Department of Pharmaceutics and Pharmaceutical Technology, Faculty of Pharmacy, Universitas Padjadjaran, Jl. Raya Bandung Sumedang Km 21, Indonesia
Email: arif.budiman@unpad.ac.id
Received: 11 Apr 2021, Revised and Accepted: 29 May 2021
ABSTRACT
Objective: This study aims to prepare sterile gel containing aloe vera (AV) powder and evaluate its physicochemical properties after sterilization by gamma radiation.
Methods: The gel was prepared using carbomer as stabilizer, and sterilized by gamma radiation. The physical stability was evaluated including organoleptic, pH, viscosity and sterilization. Furthermore, malic acid concentration was determined as a marker compound contained in the gel.
Results: The gel was successfully prepared containing 20% AV powder and 25% carbomer. The physical properties including organoleptic, pH and viscosity were not significantly changed after sterilization, and also stable even after 28 storage days. Meanwhile, malic acid concentration before and after sterilization were 47.2 mg/ml and 43.9 mg/ml, respectively. This showed the physicochemical properties were not significantly different after sterilization.
Conclusion: Gamma radiation is suitable to sterilize gel containing AV powder.
Keywords: Gamma radiation, Gel, Aloe vera
© 2021 The Authors. Published by Innovare Academic Sciences Pvt Ltd. This is an open access article under the CC BY license (https://creativecommons.org/licenses/by/4.0/)
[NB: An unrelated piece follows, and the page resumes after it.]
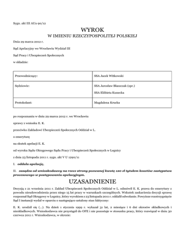 Sygn. akt III AUa 90/12 WYROK W IMIENIU RZECZYPOSPOLITEJ POLSKIEJ Dnia 29 marca 2012 r. Sąd Apelacyjny we Wrocławiu Wydział III Sąd Pracy i Ubezpieczeń Społecznych w składzie: Przewodniczący: SSA Jacek Witkowski Sędziowie: SSA Jarosław Błaszczak (spr.) SSA Elżbieta Kunecka Protokolant: Magdalena Krucka po rozpoznaniu w dniu 29 marca 2012 r. we Wrocławiu sprawy z wniosku E. K. przeciwko Zakładowi Ubezpieczeń Społecznych Oddział w L. o emeryturę na skutek apelacji E. K. od wyroku Sądu Okręgowego Sądu Pracy i Ubezpieczeń Społecznych w Legnicy z dnia 23 listopada 2011 r. sygn. akt V U 1290/11 I. oddala apelację, II. zasądza od wnioskodawcy na rzecz strony pozwanej kwotę 120 zł tytułem kosztów zastępstwa procesowego w postępowaniu apelacyjnym. UZASADNIENIE Decyzją z 21 września 2011 r. Zakład Ubezpieczeń Społecznych Oddział w L. odmówił E. K. prawa do emerytury z powodu nieudowodnienia przez niego 15 lat pracy w warunkach szczególnych. Wskutek zaskarżenia decyzji sprawę rozpoznał Sąd Okręgowy w Legnicy, który wyrokiem z 23 listopada 2011 r. oddalił odwołanie. Powyższe rozstrzygnięcie Sąd I instancji wydał w oparciu o następująco ustalony stan faktyczny: E. K. urodził się (...). Na dzień 1 stycznia 1999 r. wykazał 31 lat, 2 miesiące i 6 dni okresów składkowych i nieskładkowych. Wnioskodawca nie przystąpił do OFE i nie pozostaje w stosunku pracy, który rozwiązał w dniu 30 czerwca 2011 r. Wnioskodawca, w okresie: • od 3 sierpnia 1967 r. do 17 lutego 1969 r. był zatrudniony w (...) Przedsiębiorstwie (...) w N. na stanowisku stolarza; • od 4 marca 1969 r. do 28 marca 1970 r. był zatrudniony w (...) Fabrykach (...) zakładzie nr 2 w N. na stanowisku stolarza; • od 5 czerwca 1970 r. do 7 września 1974 r. był zatrudniony w (...) Przedsiębiorstwie Budowlanym Zakład (...) w L. na stanowisku cieśli; • od 1 marca 1994 r. do 31 grudnia 1998 r. był zatrudniony w (...) spółka z o.o. w P. na stanowisku cieśli. W okresie od 11 września 1974 r. do 28 lutego 1994 r. E. K. był zatrudniony w (...) Spółka z o.o. w L. na stanowisku cieśli budowlanego. Brygada wnioskodawcy pracowała, między innymi, przy wykonywaniu fundamentów pod znajdujące się na poszczególnych wydziałach maszyny i słupy suwnicowe, a także pod hale i urządzenia (kruszarki), które miały być na tych halach stawiane. Praca ta przebiegała w ten sposób, iż najpierw były wykonywane wykopy pod fundamenty, następnie szalowane były fundamenty pod budynek oraz pod poszczególne urządzenia. Wnioskodawca pracował także przy pracach remontowych urządzeń znajdujących się w poszczególnych wydziałach. W pierwszej kolejności konieczne było skucie fundamentów, wywiezienie taczkami gruzu, zrobienie wykopu pod nowy fundament, następnie obszalowanie na zewnątrz, przygotowanie zbrojenia, wniesienie go na halę, uzbrojenie i wylanie betonu na zbrojenia. Po 2-3 dniach konieczne było rozebranie szalunków i wykonanie izolacji na betonie, po czym beton był zasypywany piachem i ubijany oraz wylewana była posadzka. Takie same czynności były wykonywane przy remoncie innych urządzeń. W młynowni w toku prac remontowych dodatkowo był wykonywany tzw. chudziak, na który kładło się zbrojenie i wylewało beton. Wszystkie te prace były wykonywane ręcznie. Prace remontowe odbywały się podczas normalnej produkcji danego wydziału, wyłączone z pracy było tylko to urządzenie, przy którym wskazane prace akurat były wykonywane. Ubezpieczony pracował także w przy remoncie pieca na wydziale hutniczym w Hucie (...). Praca ta polegała na tym, iż najpierw konieczne było zburzenie pieca do fundamentów przy użyciu młota pneumatycznego. Następnie, miejsce to było szalowane, zbrojone i betonowane. W czasie pracy przy tym piecu, inne piece znajdowały się w ruchu. Po remoncie pieca, wnioskodawca pracował przy stawianiu nowego obrotowego pieca, a następnie na jednej z hal, gdzie wykonywał fundamenty pod suwnicę służącą do skuwania zastygłej masy, pozostałej po wytopie miedzi. W czasie pracy, produkcja na hali nie odbywała się. E. K. pracował także na wydziale S., na którym wykonywał fundamenty pod nowy budynek hali, na którym produkcja dopiero miała się odbywać. W Hucie (...) wnioskodawca pracował na wydziale odzyskiwania siarki z pieców hutniczych, gdzie wykonywał fundamenty pod maszyny odzyskujące ołów i siarkę z pozostałości po wytopie. W czasie wykonywania prac oddział był wyłączony z produkcji. Ubezpieczony pracował także przy budowie szybów, w szczególności ich głowic. W czasie wykonywania głowicy, szyb pracował i był głębiony; były to prace wykonywane na powierzchni. W Kopalni (...) wnioskodawca wykonywał fundamenty stropów na szybach wyciągowych. Praca odbywała się na piętrach stalowej konstrukcji postawionej wcześniej przez monterów i polegała na wylewaniu stropów, wykonaniu szalowania, zbrojenia i betonowania. W dniu 22 sierpnia 2011 r. E. K. złożył wniosek o przyznanie mu prawa do emerytury. Decyzją z 21 września 2011 r. Zakład Ubezpieczeń Społecznych oddział w L. odmówił wnioskodawcy prawa do wcześniejszej emerytury z tytułu pracy w warunkach szczególnych. W uzasadnieniu organ rentowy wskazał, że ubezpieczony udowodnił jedynie 4 lata, 9 miesięcy i 18 dni takiej pracy, wobec wymaganych 15 lat. Zakład nie uznał za prace w warunkach szczególnych zatrudnienia wykonywanego w okresie od 11 września 1974 r. do 28 lutego 1994 r. w (...) w L. na stanowisku betoniarza oraz zbrojarza betoniarza. Sąd I instancji, powołując art. 184 w zw. z art. 32 Ustawy z dnia 17 grudnia 1998 r. o emeryturach i rentach z FUS oraz przepisy Rozporządzenia Rady Ministrów z dnia 7 lutego 1983 r. w sprawie wieku emerytalnego pracowników zatrudnionych w szczególnych warunkach lub w szczególnym charakterze, uznał, że wnioskodawca nie spełnił przesłanki posiadania 15 lat pracy w

DOI: https://dx.doi.org/10.22159/ijap.2021v13i4.41771. Journal homepage: https://innovareacademics.in/journals/index.php/ijap
Hydrogel have been used in many pharmaceutical fields such as drug delivery systems, tissue engineering, and wound dressing [1]. This is due to its structural feature and permeability, which increased its use in various fields including ophthalmology and dentistry. Furthermore, it has the ability to hold water, showing soft and rubbery-like consistency, as well as low interfacial tension [2]. Also, hydrogel is used as sterile formulation. Several sources are used for its preparation such as chitosan, cellulose, gelatine, and poloxamer [3]. Therefore, choosing the right hydrogel is needed to approach a new drug formulation [4].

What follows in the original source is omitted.